** Source data follows **

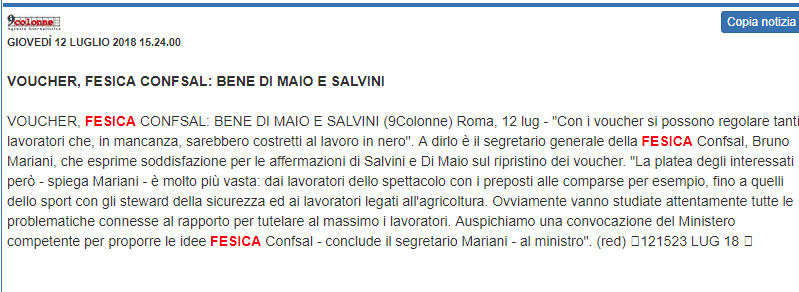 Manovra, Fesica Confsal: “Bene voucher per lavoro occasionale e contro quello irregolare” – 24 novembre 2022 (Da LIBERO)
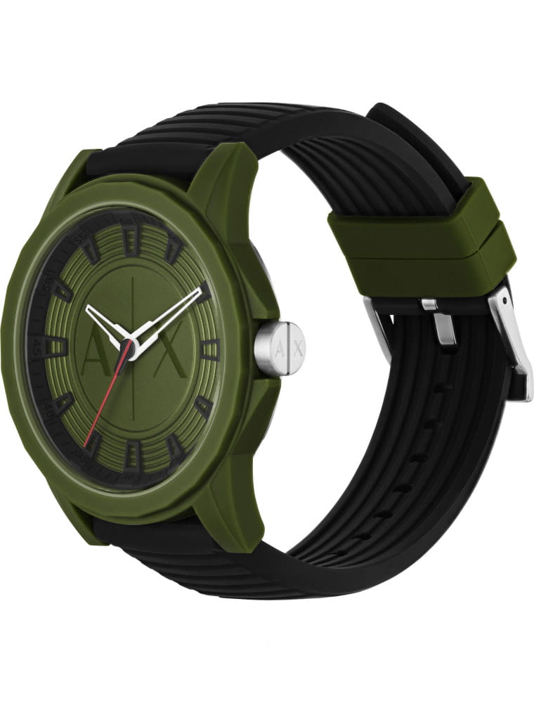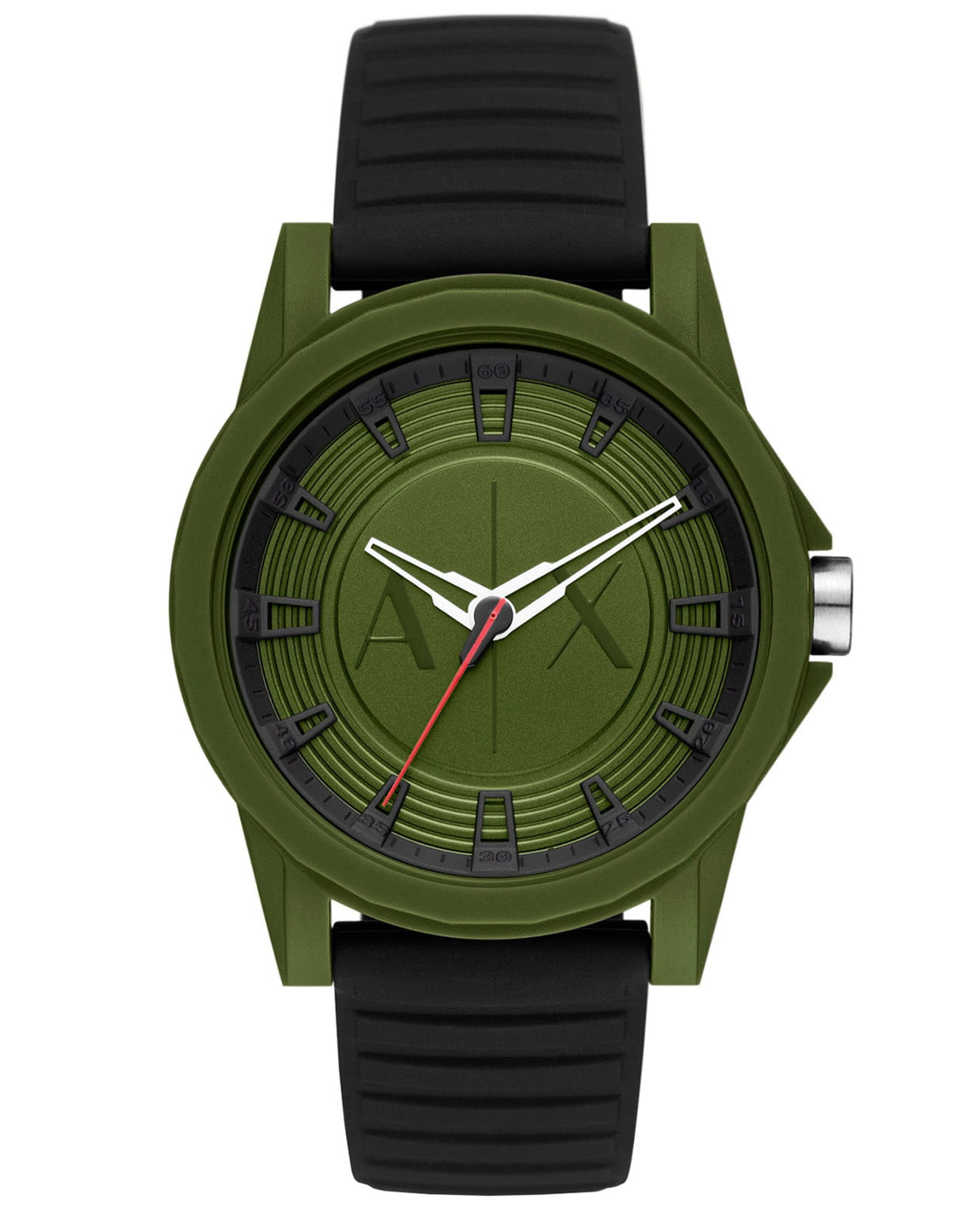 Мужские наручные часы с минеральным стекломМинеральное стеклоМинеральное стекло представляет собой искусственно выращенный минерал кварца. Такое стекло отличается особой устойчивостью к повреждениям и царапинам. Уступает по некоторым качествам сапфировому стеклу. Armani Exchange Outer Banks AX2527, кварцевый механизм с высокой точностью. Класс водозащиты: 30 метров, позволит защитить корпус от случайных брызг или капель дождя. Корпус часов изготовлен из пластика. Метки в виде штрихов. Заводная головка с защитой. Силиконовый ремешок с классической застежкой.
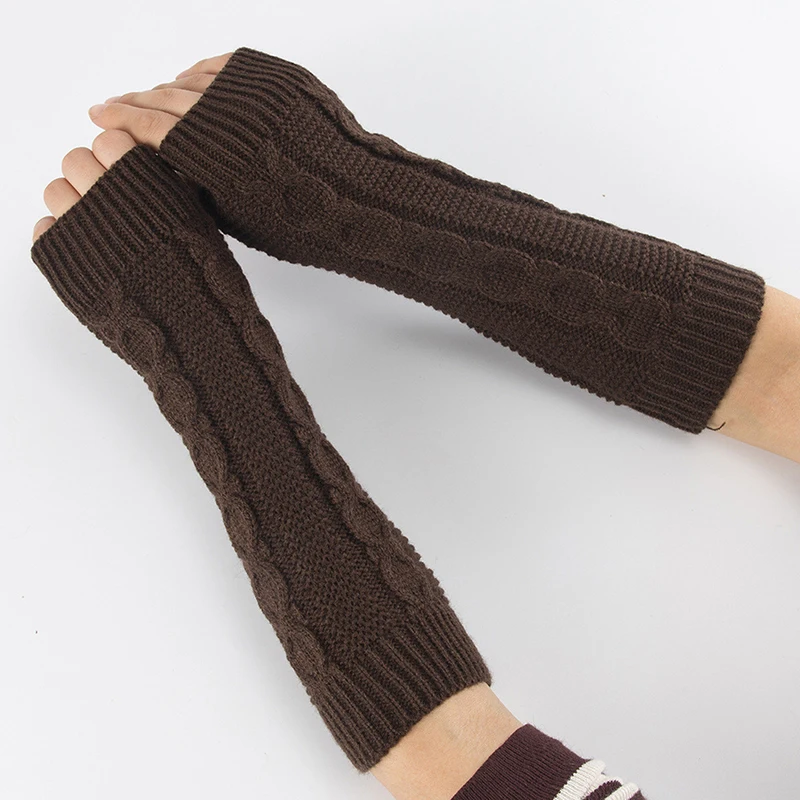 Модные зимние длинные перчатки без пальцев, Повседневные вязаные ру...
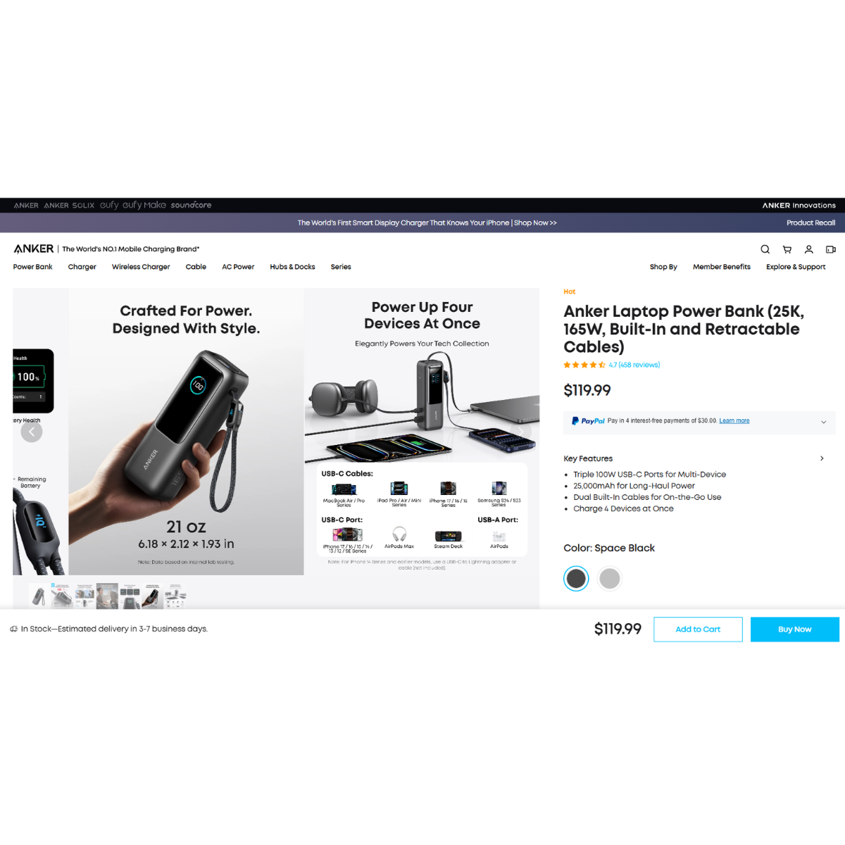 Anker tích hợp hệ thống bảo vệ ActiveShield 2.0 tiên tiến, giúp giám sát nhiệt độ hơn 3 triệu lần mỗi ngày. Điều này đảm bảo pin luôn hoạt động mát mẻ, ngăn chặn quá tải, quá dòng và bảo vệ tuyệt đối cho các thiết bị đắt tiền của bạn.

** End of Source data **

▸ **Assignment**: Every line from the one holding "Модные зимние длинные" to the last line of the listing above, inclusive, must appear exactly as written, and no picture may appear.

▸ **Solution to this problem**:
 Модные зимние длинные перчатки без пальцев, Повседневные вязаные ру...
 Anker tích hợp hệ thống bảo vệ ActiveShield 2.0 tiên tiến, giúp giám sát nhiệt độ hơn 3 triệu lần mỗi ngày. Điều này đảm bảo pin luôn hoạt động mát mẻ, ngăn chặn quá tải, quá dòng và bảo vệ tuyệt đối cho các thiết bị đắt tiền của bạn.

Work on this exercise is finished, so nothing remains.